Langkah 4: Inkubasi dan Pembacaan
- Tutup rapat cawan petri.
- Balikkan cawan (posisi tutup di bawah, agar air kondensasi tidak menetes ke permukaan koloni). Ini standar yang WAJIB dilakukan.
- Inkubasi pada suhu sesuai target bakteri (biasanya 35-37°C selama 18-24 jam).
- Hasil yang baik: Anda akan melihat banyak koloni di area 1, dan di area 4 diharapkan sudah ada koloni tunggal yang terisolasi (Gambar E).
5. Panduan Interpretasi Hasil Streak Plate
Setelah inkubasi, evaluasi hasil goresan Anda:
| Hasil | Interpretasi | Evaluasi Teknik |
|---|---|---|
| Koloni tunggal terisolasi di kuadran 3/4 | Sangat baik! Biakan murni siap untuk diidentifikasi. | Teknik streaking sempurna. |
| Hanya biakan campuran di semua kuadran, tidak ada koloni tunggal | Kurang baik. Sel masih terlalu rapat. | Ulangi dengan teknik goresan yang lebih rapat, atau gunakan sampel yang lebih encer (pengenceran serial). |
| Hanya koloni tunggal di kuadran 4, tetapi area 1-2 tidak ada pertumbuhan | Kurang baik. Ose mungkin terlalu panas saat inokulasi awal. | Pastikan ose sudah dingin sebelum mengambil sampel. |
| Tidak ada koloni sama sekali | Gagal total. | Periksa viabilitas sampel, pastikan media masih baik, dan periksa suhu inkubasi. |
6. Analisis Kesalahan Umum (Troubleshooting)

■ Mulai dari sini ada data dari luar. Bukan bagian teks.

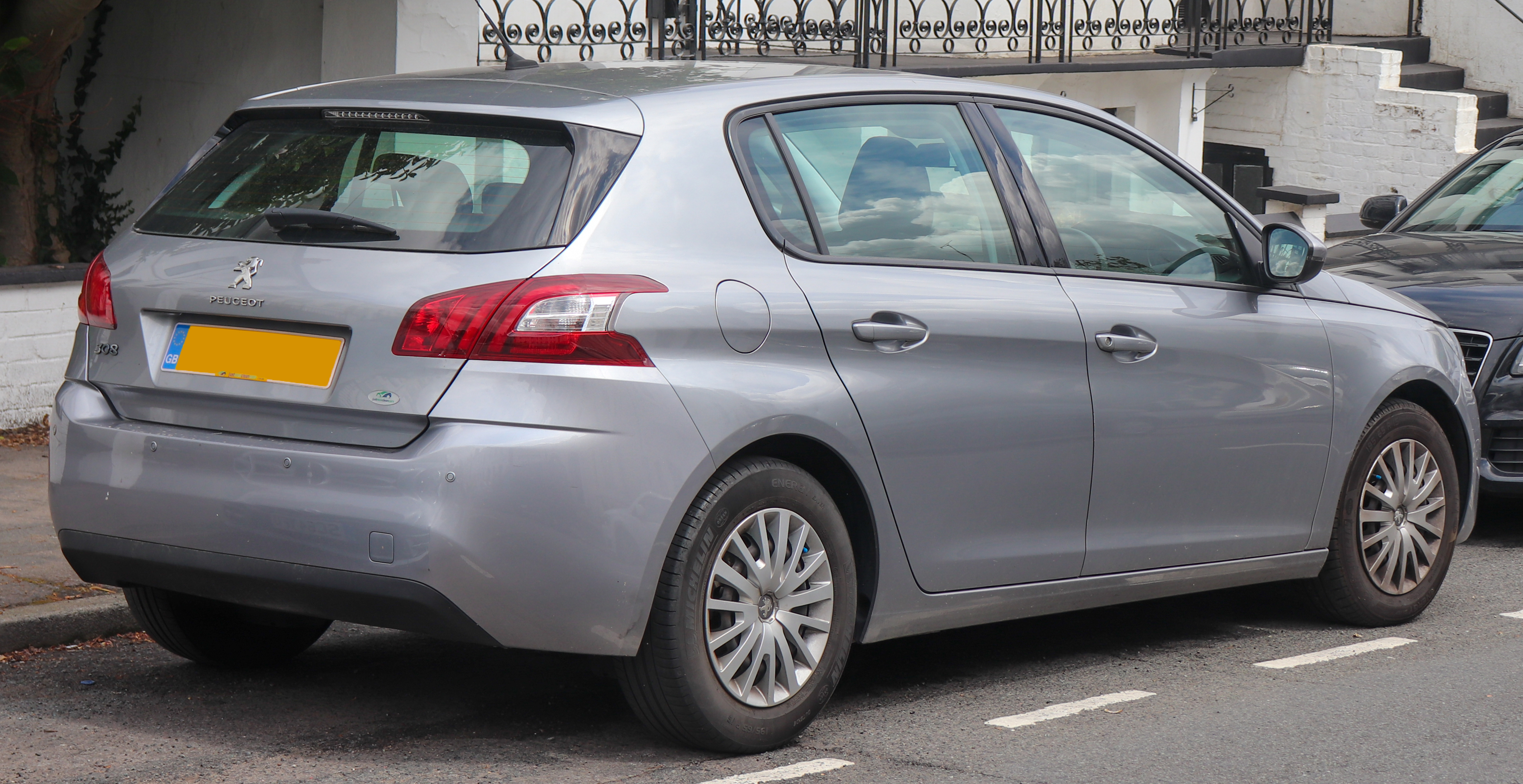 2014 Peugeot 308 Access HDi 1.6 Rear Taken in Leamington Spa

| Masalah | Kemungkinan Penyebab | Solusi |
|---|---|---|
| Media agar terpotong/rusak | Goresan terlalu keras, ujung ose tidak tumpul | Gunakan tekanan yang sangat ringan, gunakan ose yang halus. |
| Tidak ada pertumbuhan di area 1 | Ose terlalu panas saat memindahkan sampel | Pastikan ose sudah dingin (tes dengan menyentuh media agar di tepi). |
| Koloni terlalu rapat, tidak ada isolat | Biakan sampel terlalu pekat | Lakukan pengenceran serial terlebih dahulu atau gunakan teknik goresan zig-zag yang lebih rapat. |
| Koloni tumbuh di luar area goresan | Cawan petri terkontaminasi, atau goresan terlalu lebar hingga ke tepian | Selalu bolak-balik cawan dan jaga teknik aseptik. |
7. Tips Pro untuk Mendapatkan Isolat Terbaik
- Gunakan Cawan yang Kering: Biarkan media agar di dalam cawan di suhu ruang selama 30 menit sebelum digunakan untuk memastikan permukaannya kering. Ini mencegah sel "menyebar" berenang di atas air kondensasi.
- Jangan Menggores Terlalu Cepat: Goresan yang lambat dan terkontrol jauh lebih efektif daripada goresan cepat yang asal-asalan.
- Gunakan Marker untuk Kuadran: Sebelum streaking, buat garis tipis (tidak tembus) di bawah cawan untuk membagi 4 kuadran. Ini membantu visualisasi.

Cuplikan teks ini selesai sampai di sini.